Big data is a challenge in various technical ways, but more importantly, it is an opportunity to find insight in new and emerging types of data and to answer questions that, in the past, were not possible to analyze effectively. Data that has been hidden can be surfaced and acted upon. The result can be a more agile organization or in the case of health care, better outcomes for patients.  Picture a hospital neonatal environment where a plethora of medical monitors connected to babies are used to alert hospital staff to potential health problems before patients develop clinical signs of infection or other issues. There are breakthroughs on the horizon for how this will be done. Today the instrumentation generates huge amounts of information — up to 1,000 readings per second — which is summarized into one reading every 30 to 60 minutes. The information is stored for up to 72 hours and is then discarded. If the stream of data could be captured, stored and analyzed in real-time there could be a huge opportunity to improve the quality of care for special-care babies.

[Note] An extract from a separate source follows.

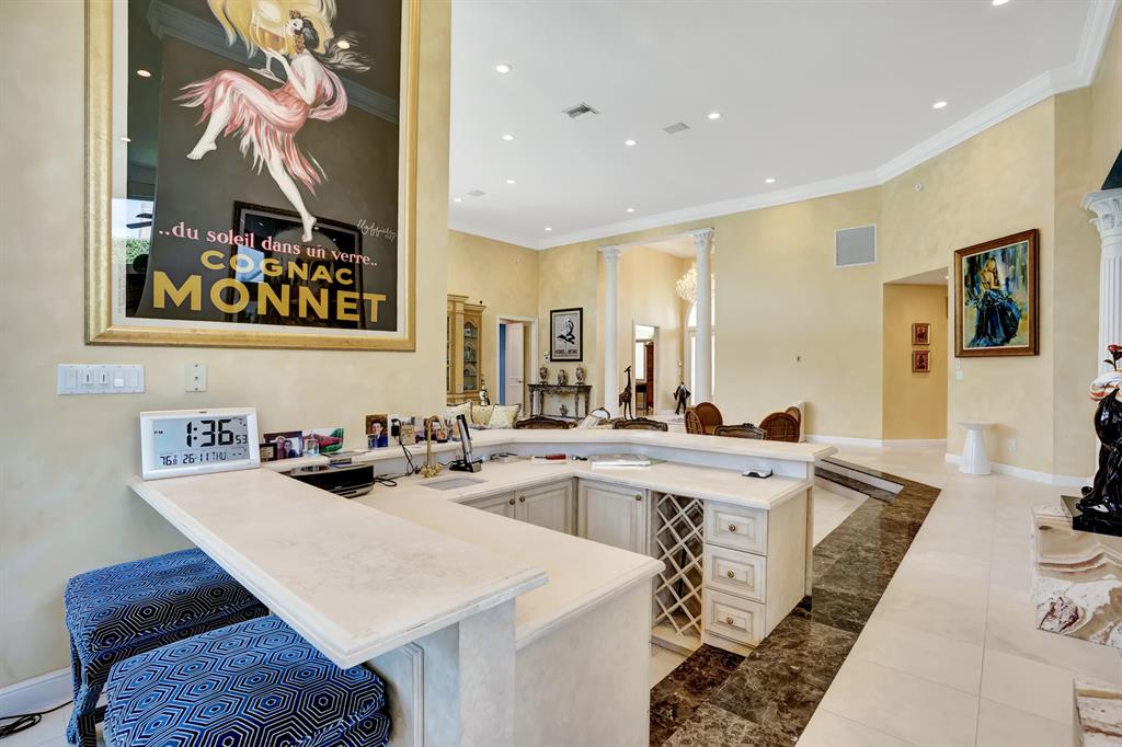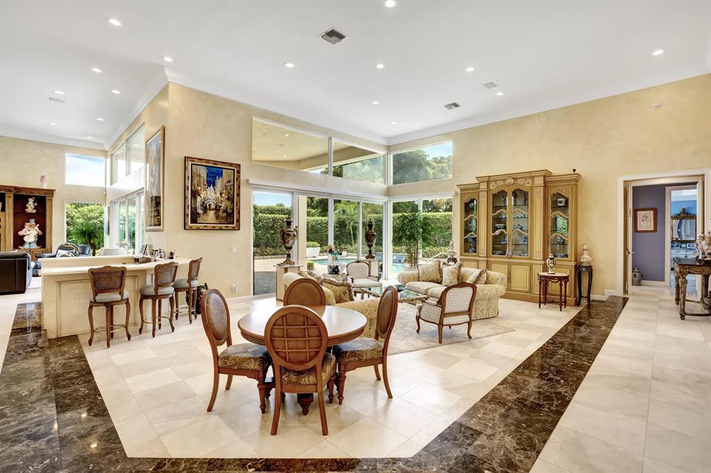 This luxury residence offers fine living in a perfect location. Over 4,100 square feet with a well-designed floor plan, 4 spacious bedrooms and 4 and 1 half bathrooms which complete the living areas. The estate is surrounded by lush landscaping upon entry. The main areas are upgraded with a Palm Beach-feel, and feature a large sunken living room for entertainment purposes, a true chef's kitchen with wood and granite accents, 42'' custom cabinetry, Viking stove and double ovens and center island, 2.5 car garage, natural light, volume ceiling, and master suite with dual sinks, marble and wood flooring, NEW roof and hurricane impact glass. The lanai features a wonderful pool and large covered sitting area. Mandatory golf equity purchase $90,000.00

BooksThe Hospital for Sick Children in Ontario, Canada developed such a vision and is acted on it. Dr. Carolyn McGregor, Canada research chair in health informatics at the University of Ontario Institute of Technology visited researchers at the IBM T. J. Watson Research Center who are working on a new stream-computing platform to support healthcare analytics. A three-way collaboration was established, with each group bringing a unique perspective — the hospital focus on patient care, the university’s ideas for using the data stream, and IBM providing the advanced analysis software and information technology expertise needed to turn the vision into reality. The result of the collaboration was Project Artemis which pairs IBM scientists with clinicians and`researchers to explore how emerging technologies can solve real-world business problems, in this case developing a highly flexible platform that aims to help physicians make better, faster decisions regarding patient care for a wide range of conditions. At the Children’s hospital the focus is real-time detection of the onset of nosocomial infection (often called hospital-acquired infection). Regulatory, ethical, privacy, and safety issues were addressed and then two infant beds were instrumented and connected to the system for data collection. The team then created an algorithm that deciphered the streaming data. By establishing the impact of moving a baby or changing its diaper, those things can be filtered out to help spot the telltale signs of nosocomial infection.
Dr. Andrew James, staff neonatologist, at the Hospital for Sick Children is optimistic that as they learn more they will be able to account for variations in individual patients and eventually be able to integrate data inputs such as lab results and observational notes. In the future, any condition that can be detected through subtle changes in the underlying data streams can be the target of the system’s early-warning capabilities. It is likely that sensors attached to or even implanted in the body will allow monitoring of important conditions from home or anywhere. Big data has the potential to improve the health of patients whever they may be.